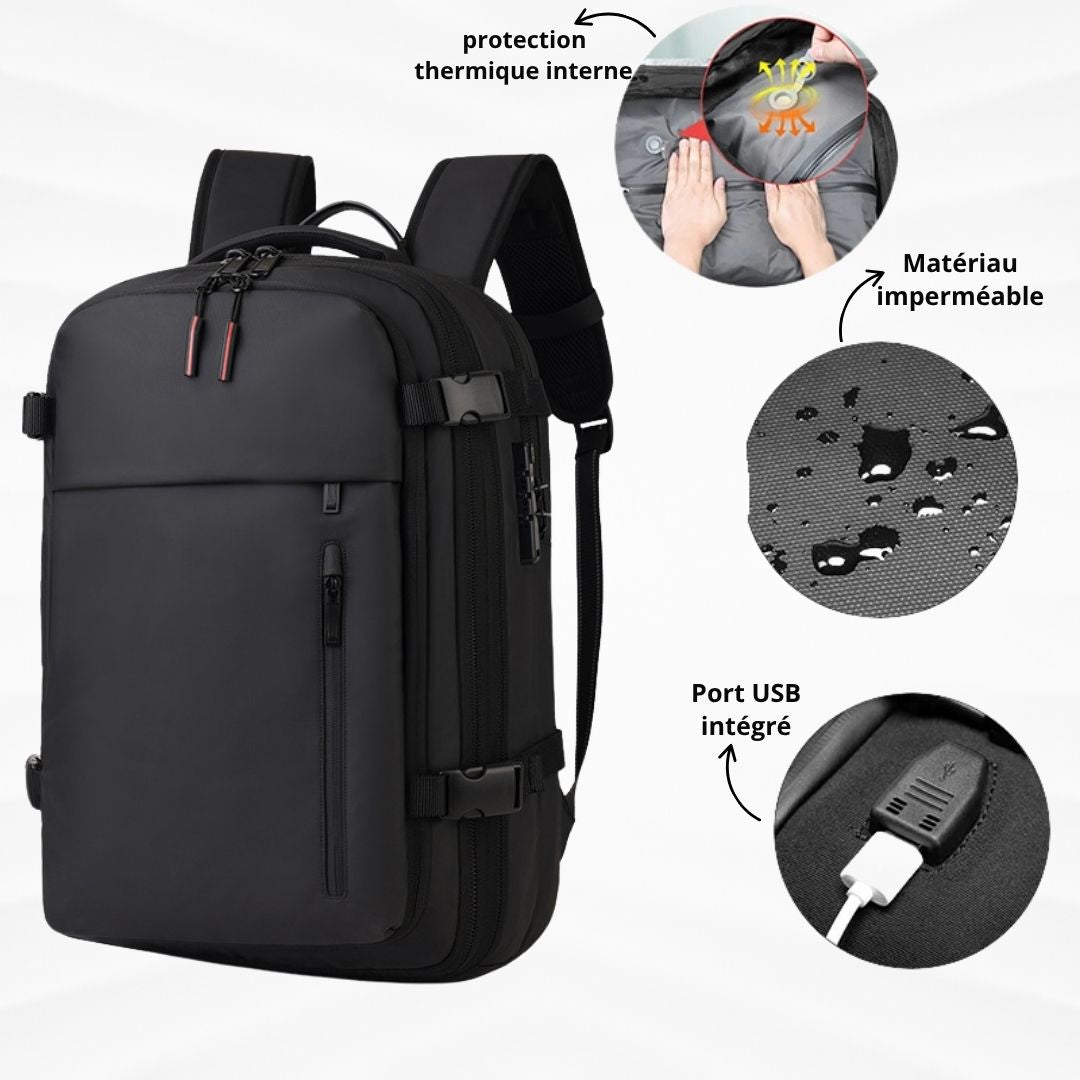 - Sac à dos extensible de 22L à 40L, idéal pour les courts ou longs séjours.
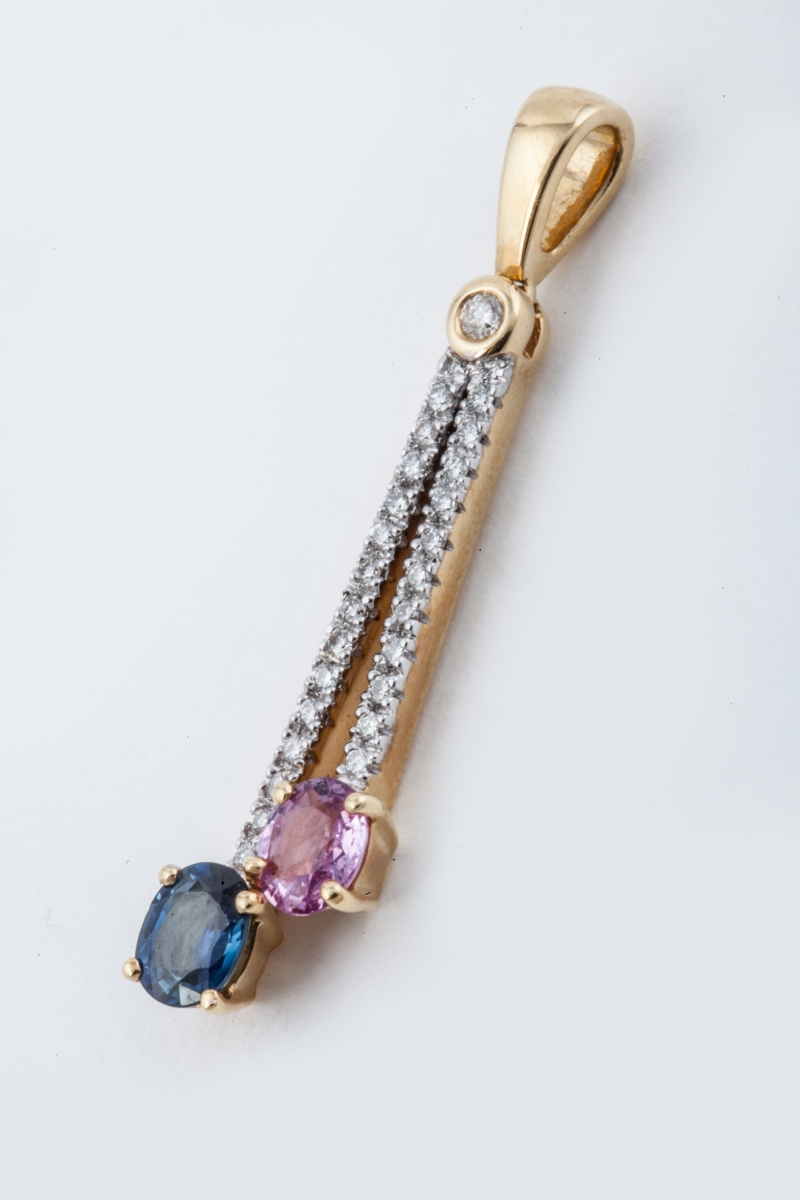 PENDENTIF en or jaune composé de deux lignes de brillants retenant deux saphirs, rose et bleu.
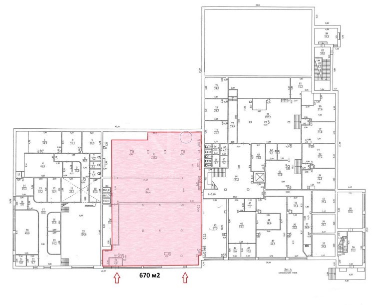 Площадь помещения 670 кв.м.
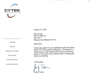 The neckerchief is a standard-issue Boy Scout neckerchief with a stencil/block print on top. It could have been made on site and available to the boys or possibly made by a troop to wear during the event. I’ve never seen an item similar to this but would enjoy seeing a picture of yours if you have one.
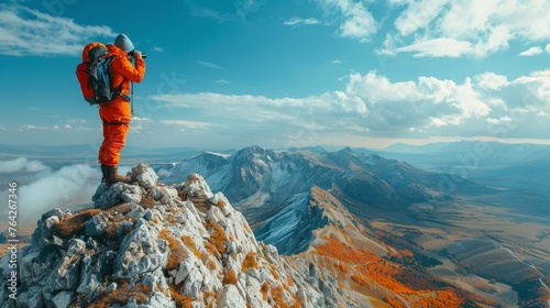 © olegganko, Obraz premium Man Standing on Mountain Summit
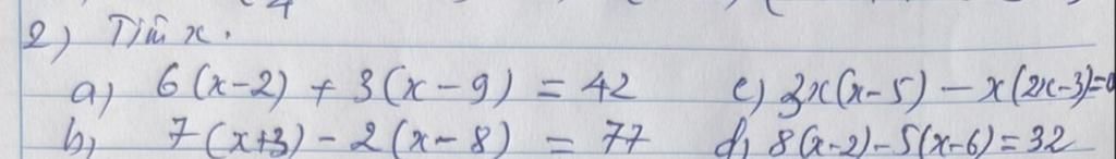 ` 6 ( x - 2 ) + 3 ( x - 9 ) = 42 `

☆ ☆ ☆ ☆

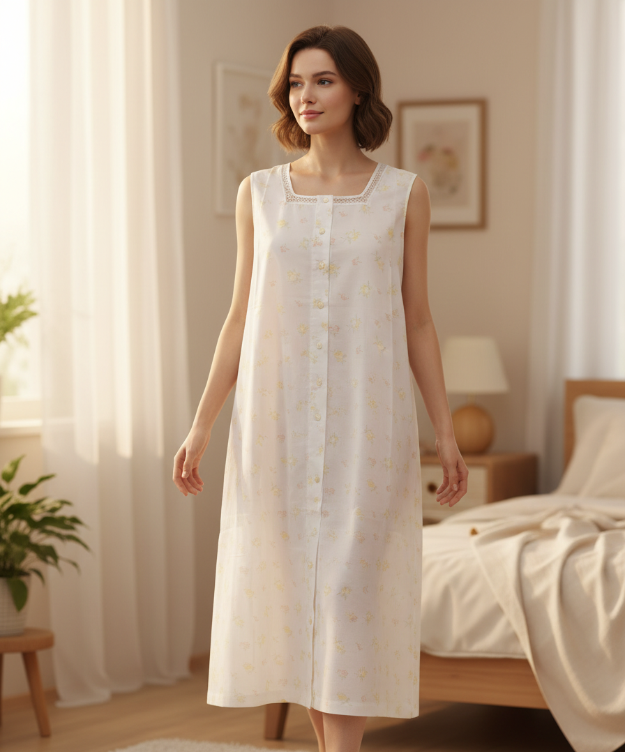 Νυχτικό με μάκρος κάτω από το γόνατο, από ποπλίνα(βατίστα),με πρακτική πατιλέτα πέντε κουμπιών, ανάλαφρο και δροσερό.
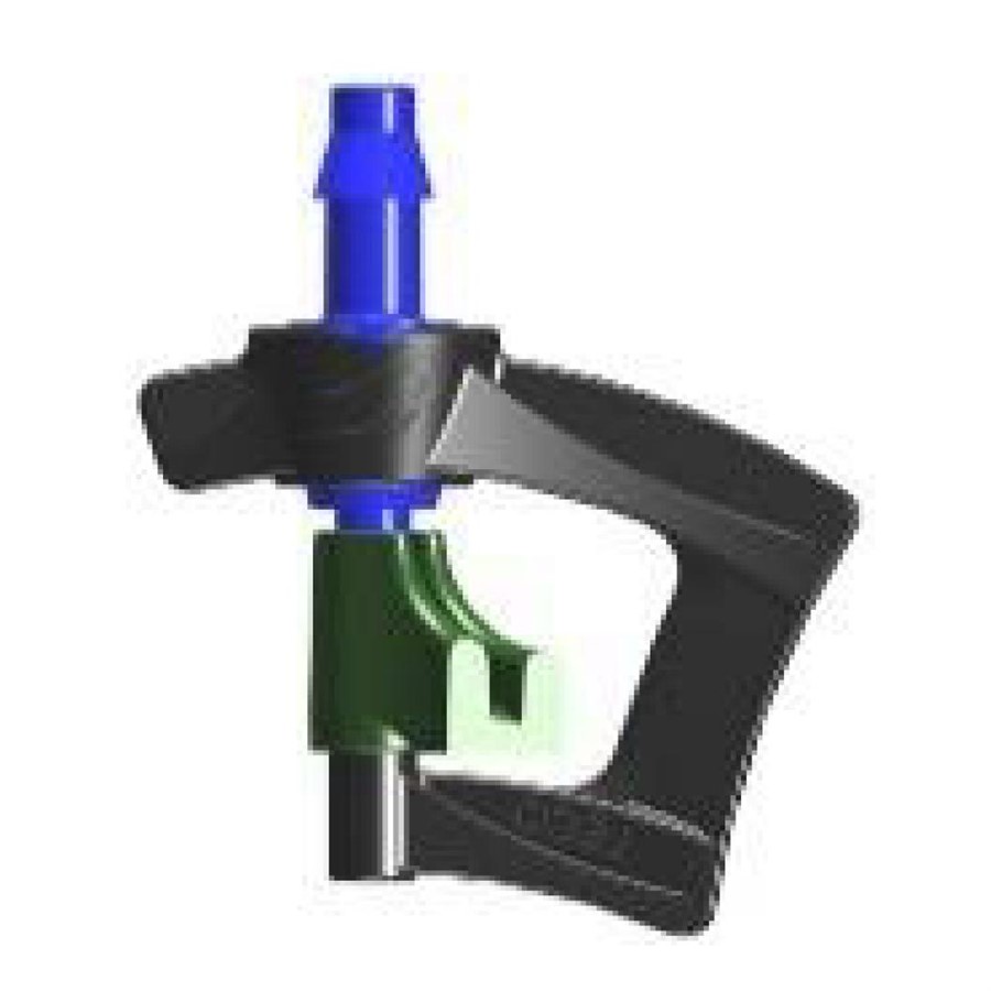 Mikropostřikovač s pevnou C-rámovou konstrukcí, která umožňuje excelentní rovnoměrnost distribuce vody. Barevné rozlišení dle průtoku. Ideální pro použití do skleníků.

☆ ☆ ☆ ☆

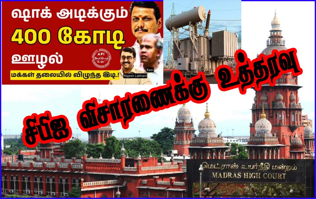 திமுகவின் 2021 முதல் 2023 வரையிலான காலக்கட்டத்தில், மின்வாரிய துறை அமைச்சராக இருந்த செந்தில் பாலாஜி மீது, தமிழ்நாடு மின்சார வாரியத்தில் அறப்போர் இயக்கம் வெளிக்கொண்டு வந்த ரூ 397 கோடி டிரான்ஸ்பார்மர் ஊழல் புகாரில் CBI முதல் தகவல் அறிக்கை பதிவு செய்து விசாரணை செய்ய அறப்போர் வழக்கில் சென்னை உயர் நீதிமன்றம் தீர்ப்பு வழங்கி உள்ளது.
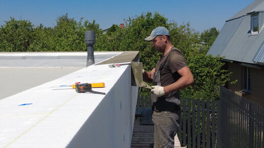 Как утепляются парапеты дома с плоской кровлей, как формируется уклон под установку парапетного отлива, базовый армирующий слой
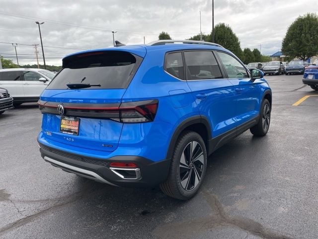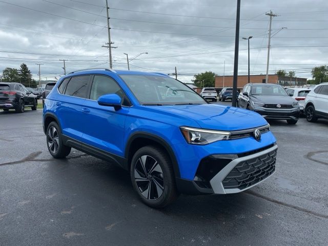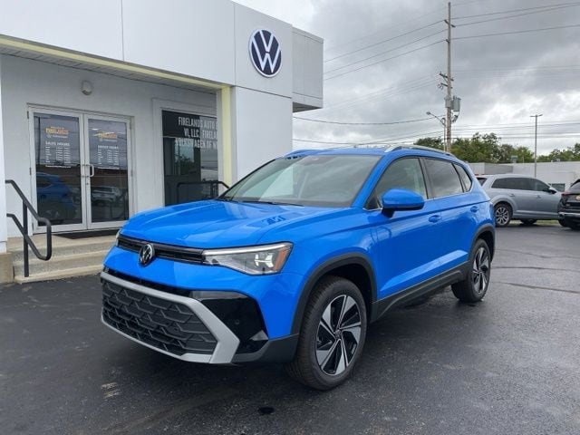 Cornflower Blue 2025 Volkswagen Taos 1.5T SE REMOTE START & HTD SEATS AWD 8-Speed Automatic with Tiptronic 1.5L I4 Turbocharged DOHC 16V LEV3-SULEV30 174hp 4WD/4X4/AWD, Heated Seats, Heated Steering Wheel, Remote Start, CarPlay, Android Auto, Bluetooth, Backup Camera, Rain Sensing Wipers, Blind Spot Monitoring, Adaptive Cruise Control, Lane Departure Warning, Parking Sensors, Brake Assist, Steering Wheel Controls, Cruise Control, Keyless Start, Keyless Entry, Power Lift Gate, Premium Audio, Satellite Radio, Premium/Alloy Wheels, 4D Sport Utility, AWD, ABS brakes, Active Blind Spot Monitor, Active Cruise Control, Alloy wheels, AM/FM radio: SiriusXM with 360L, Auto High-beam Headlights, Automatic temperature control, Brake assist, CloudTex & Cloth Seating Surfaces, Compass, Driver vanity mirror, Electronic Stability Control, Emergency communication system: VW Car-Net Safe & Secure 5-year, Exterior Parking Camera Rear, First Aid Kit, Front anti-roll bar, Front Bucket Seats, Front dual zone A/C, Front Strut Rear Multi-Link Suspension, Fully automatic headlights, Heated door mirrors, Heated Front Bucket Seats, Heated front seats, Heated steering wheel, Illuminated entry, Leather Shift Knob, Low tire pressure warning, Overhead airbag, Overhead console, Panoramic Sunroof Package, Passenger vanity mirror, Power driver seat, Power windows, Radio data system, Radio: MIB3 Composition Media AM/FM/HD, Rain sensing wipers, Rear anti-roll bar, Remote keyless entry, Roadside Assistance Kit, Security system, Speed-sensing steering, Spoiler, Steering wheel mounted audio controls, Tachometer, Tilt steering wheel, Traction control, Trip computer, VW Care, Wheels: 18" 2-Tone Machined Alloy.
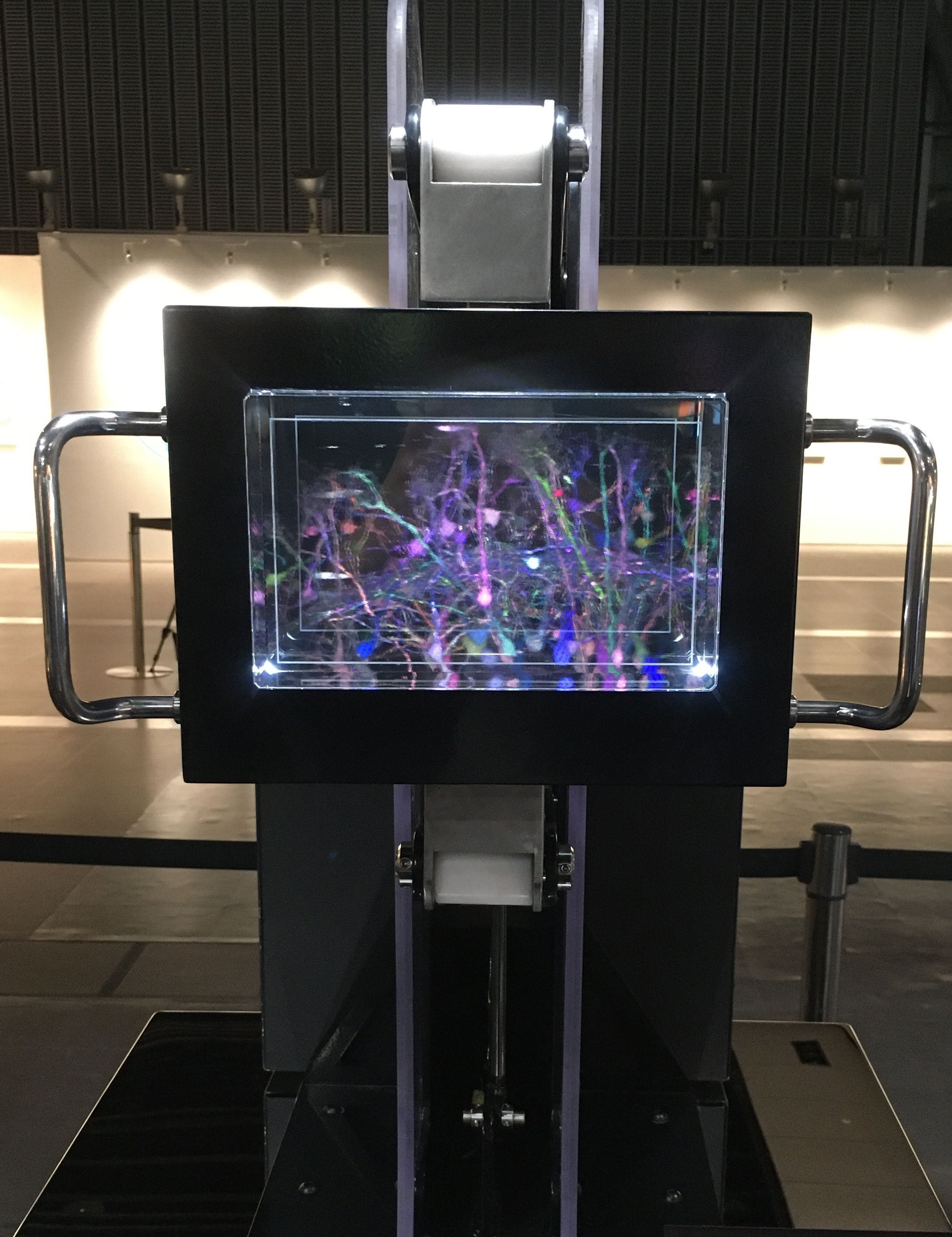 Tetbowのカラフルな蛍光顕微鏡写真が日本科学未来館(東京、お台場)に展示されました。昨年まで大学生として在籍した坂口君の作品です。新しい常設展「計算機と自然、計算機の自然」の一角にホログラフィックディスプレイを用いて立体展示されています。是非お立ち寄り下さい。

☆ ☆ ☆ ☆

EXERCISE DIRECTIONS
What's needed is an exact copy of the lines above from the one with "திமுகவின் 2021 முதல்" through the one with "Как утепляются парапеты", both included; the pictures stay out.

TASK OUTPUT
 திமுகவின் 2021 முதல் 2023 வரையிலான காலக்கட்டத்தில், மின்வாரிய துறை அமைச்சராக இருந்த செந்தில் பாலாஜி மீது, தமிழ்நாடு மின்சார வாரியத்தில் அறப்போர் இயக்கம் வெளிக்கொண்டு வந்த ரூ 397 கோடி டிரான்ஸ்பார்மர் ஊழல் புகாரில் CBI முதல் தகவல் அறிக்கை பதிவு செய்து விசாரணை செய்ய அறப்போர் வழக்கில் சென்னை உயர் நீதிமன்றம் தீர்ப்பு வழங்கி உள்ளது.
 Как утепляются парапеты дома с плоской кровлей, как формируется уклон под установку парапетного отлива, базовый армирующий слой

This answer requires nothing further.